# Activity
Find the line with "Tenby North Beach" in the entries below, then reproduce it and every line after it down to and including the line with "Costs shown are", exactly.

# Supplied records
##########

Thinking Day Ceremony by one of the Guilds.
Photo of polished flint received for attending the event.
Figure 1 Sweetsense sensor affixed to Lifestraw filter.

##########

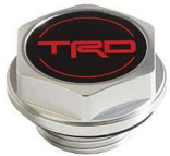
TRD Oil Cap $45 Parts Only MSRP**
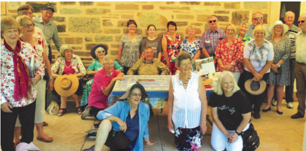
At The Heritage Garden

##########

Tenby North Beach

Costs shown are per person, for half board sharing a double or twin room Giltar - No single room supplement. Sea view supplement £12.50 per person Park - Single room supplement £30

##########

# Final answer
Tenby North Beach

Costs shown are per person, for half board sharing a double or twin room Giltar - No single room supplement. Sea view supplement £12.50 per person Park - Single room supplement £30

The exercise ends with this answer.